(Dataset items)
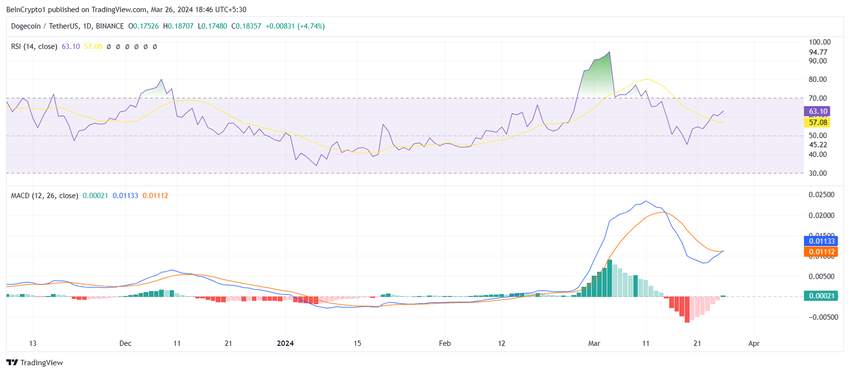 När Dogecoin-priset tog sig upp på diagrammet lämnade det bakom sig ett rally som var tillräckligt stort för att återhämta de förluster som investerare bevittnade under mitten av mars. Ökningen med 42% täckte upp kraschen på 26% och förde DOGE närmare att nå $ 0.20.
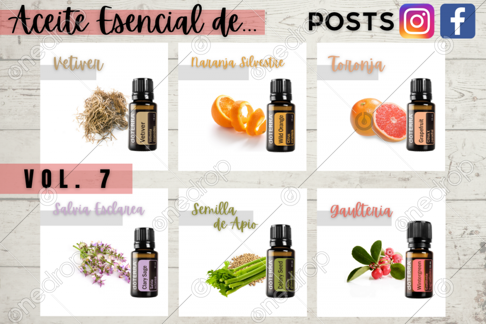 Paquete de 6 imágenes en formato cuadrado para Post de Instagram y Facebook, con un sencillo gráfico de cada Aceite Esencial junto con el Producto del cual se extrae cada uno.
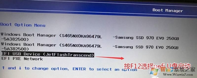 2、用鍵盤上的方向鍵將光標(biāo)移動到U盤啟動項,也就是USB選項,這里一定要注意選擇帶efi或uefi開頭的U盤才能進入,如下圖所示:
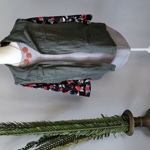 Black 3/4 sleeves with red, pink, turquoise, and white floral print
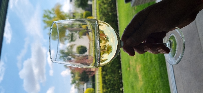 - "A hand holds a glass of white wine in front of a lush green yard and a partially visible house" by FM-rGZrc2, licensed under CC BY 4.0
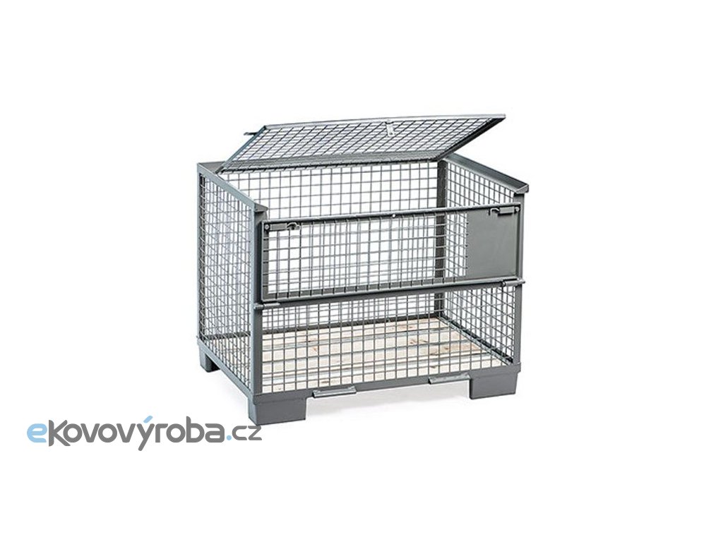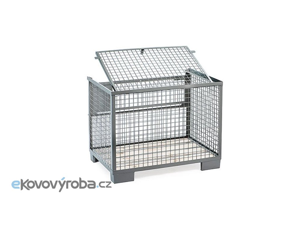 Box tvoří podlahový rám a síťované bočnice. Dodáváno v provedení s otevíratelným otvorem bočnice a horním otevíráním. Možnost manipulace pomocí nízkozdvižných i vysokozdvižných prostředků ze všech čtyř stran. Při manipulaci jeřábem musí být boxy zdvihány vhodným zvedacím rámem (působení pouze svislých sil). Možnost doplnění o podvozek pro zjednodušení manipulace po rovných a pevných podlahách.
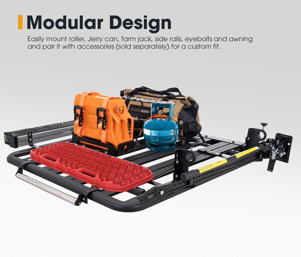 Modular Design: Easily mount roller, Jerry can, farm jack, side rails,

### To do
Reproduce the data above verbatim, minus any images.

### Solution
 När Dogecoin-priset tog sig upp på diagrammet lämnade det bakom sig ett rally som var tillräckligt stort för att återhämta de förluster som investerare bevittnade under mitten av mars. Ökningen med 42% täckte upp kraschen på 26% och förde DOGE närmare att nå $ 0.20.
 Paquete de 6 imágenes en formato cuadrado para Post de Instagram y Facebook, con un sencillo gráfico de cada Aceite Esencial junto con el Producto del cual se extrae cada uno.
 2、用鍵盤上的方向鍵將光標(biāo)移動到U盤啟動項,也就是USB選項,這里一定要注意選擇帶efi或uefi開頭的U盤才能進入,如下圖所示:
 Black 3/4 sleeves with red, pink, turquoise, and white floral print
 - "A hand holds a glass of white wine in front of a lush green yard and a partially visible house" by FM-rGZrc2, licensed under CC BY 4.0
 Box tvoří podlahový rám a síťované bočnice. Dodáváno v provedení s otevíratelným otvorem bočnice a horním otevíráním. Možnost manipulace pomocí nízkozdvižných i vysokozdvižných prostředků ze všech čtyř stran. Při manipulaci jeřábem musí být boxy zdvihány vhodným zvedacím rámem (působení pouze svislých sil). Možnost doplnění o podvozek pro zjednodušení manipulace po rovných a pevných podlahách.
 Modular Design: Easily mount roller, Jerry can, farm jack, side rails,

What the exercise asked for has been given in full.